▸ **Supplied information**:
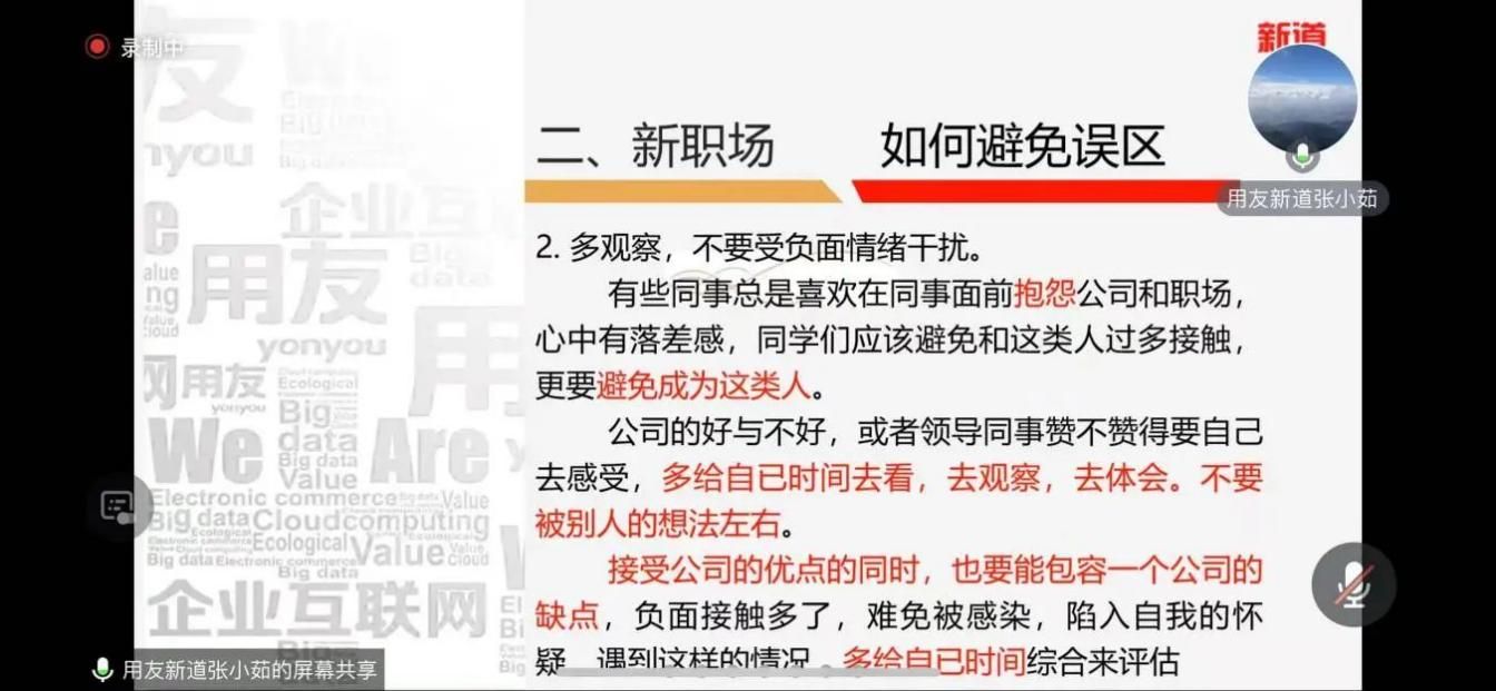 为了帮助即将步入职场的老员工更好地适应新环境,顺利开展工作。4月17日晚,bg大游官方网站特邀新道科技股份有限公司教学服务事业部经理张小茹进行“老员工如何快速适应新环境开展新工作”主题线上指导活动,人才招聘办公室主任岳亚鑫主持会议,2024届毕业生参与此次活动。
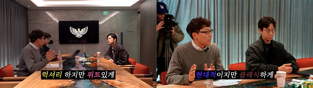 기획안을 준비할 때는 보통 경쟁사의 레퍼런스를 참고합니다. 그러나 앞서 말씀드렸듯이 건설업 콘텐츠는 유형이 제한적이라 레퍼런스로 활용하기에 아쉬움이 있습니다. 그래서 ‘건설업’이라는 틀에서 벗어나 ‘유튜브 생태계에서 통할 수 있는 콘텐츠’라는 관점으로 접근 방식을 전환했습니다. 브랜드의 방향성을 분명히 전달하면서도 재미를 더하려면 대중성과 영향력을 갖춘 화자가 필요했고, 그에 가장 적합한 인물로 침착맨을 떠올렸습니다.
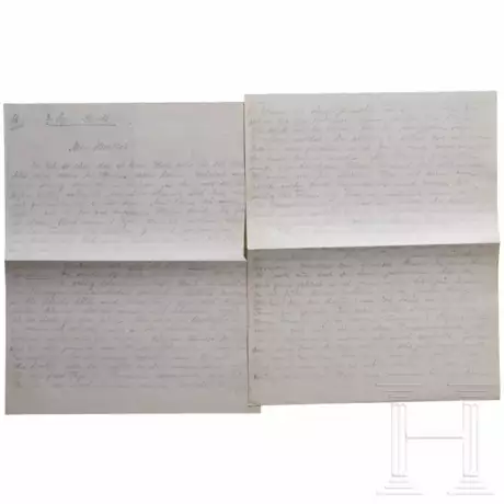 Zwei Bögen liniertes Papier (Maße 27,2 x 22 cm) mit oberseitiger Perforation, beidseitig in Bleistift beschrieben: "Mein Herzlieb! Du bist so süss, dass ich keine Worte mehr für Dich habe.". Göring ist überglücklich über ihren Brief vom 1.9., "den ich vorhin bekam", bittet sie um Verzeihung für die geäußerten Zweifel und alles Hässliche, beteuert ihr seine Liebe und möchte sofort mit ihr wieder zusammen sein. Er erkundigt sich, was man in Schweden über ihn denkt, "Was spricht Nils über mich? Glaubst Du, ich soll ihm einen süssen Brief schreiben?", und bittet sie, ihren Schwestern seine Adresse in Bayrischzell zu geben, "denn [.] Mama öffnet die Briefe" in München. Zudem muss sie ihm versprechen, zum Arzt zu gehen, "Und tue es gleich, damit man die Rechnung noch dort zahlt. [..] Du musst Dir auch noch rechtzeitig dort Kleider und Kostüme machen lassen, man hat Dir dafür ja in den letzten Jahren nichts gegeben. Den Brief Deiner Schw.mutter finde ich ob ihrer Armut einfach lächerlich und einen grossen Bluff. [..] Du musst absolut einen tüchtigen Advokat haben!". Er schließt mit "Herzinnigste Küsse voll heisser Liebe Dein treuer H.". Mehrfach gefaltet, die erste Seite links oben nummeriert "16.", das zweite Blatt bezeichnet "II".
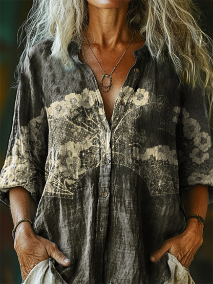 Women's Vintage Ethnic Floral Art Print Casual Cotton Linen Shirt

▸ **Your goal**: Please write out all the data again word for word, but not the pictures.

▸ **Task result**:
 为了帮助即将步入职场的老员工更好地适应新环境,顺利开展工作。4月17日晚,bg大游官方网站特邀新道科技股份有限公司教学服务事业部经理张小茹进行“老员工如何快速适应新环境开展新工作”主题线上指导活动,人才招聘办公室主任岳亚鑫主持会议,2024届毕业生参与此次活动。
 기획안을 준비할 때는 보통 경쟁사의 레퍼런스를 참고합니다. 그러나 앞서 말씀드렸듯이 건설업 콘텐츠는 유형이 제한적이라 레퍼런스로 활용하기에 아쉬움이 있습니다. 그래서 ‘건설업’이라는 틀에서 벗어나 ‘유튜브 생태계에서 통할 수 있는 콘텐츠’라는 관점으로 접근 방식을 전환했습니다. 브랜드의 방향성을 분명히 전달하면서도 재미를 더하려면 대중성과 영향력을 갖춘 화자가 필요했고, 그에 가장 적합한 인물로 침착맨을 떠올렸습니다.
 Zwei Bögen liniertes Papier (Maße 27,2 x 22 cm) mit oberseitiger Perforation, beidseitig in Bleistift beschrieben: "Mein Herzlieb! Du bist so süss, dass ich keine Worte mehr für Dich habe.". Göring ist überglücklich über ihren Brief vom 1.9., "den ich vorhin bekam", bittet sie um Verzeihung für die geäußerten Zweifel und alles Hässliche, beteuert ihr seine Liebe und möchte sofort mit ihr wieder zusammen sein. Er erkundigt sich, was man in Schweden über ihn denkt, "Was spricht Nils über mich? Glaubst Du, ich soll ihm einen süssen Brief schreiben?", und bittet sie, ihren Schwestern seine Adresse in Bayrischzell zu geben, "denn [.] Mama öffnet die Briefe" in München. Zudem muss sie ihm versprechen, zum Arzt zu gehen, "Und tue es gleich, damit man die Rechnung noch dort zahlt. [..] Du musst Dir auch noch rechtzeitig dort Kleider und Kostüme machen lassen, man hat Dir dafür ja in den letzten Jahren nichts gegeben. Den Brief Deiner Schw.mutter finde ich ob ihrer Armut einfach lächerlich und einen grossen Bluff. [..] Du musst absolut einen tüchtigen Advokat haben!". Er schließt mit "Herzinnigste Küsse voll heisser Liebe Dein treuer H.". Mehrfach gefaltet, die erste Seite links oben nummeriert "16.", das zweite Blatt bezeichnet "II".
 Women's Vintage Ethnic Floral Art Print Casual Cotton Linen Shirt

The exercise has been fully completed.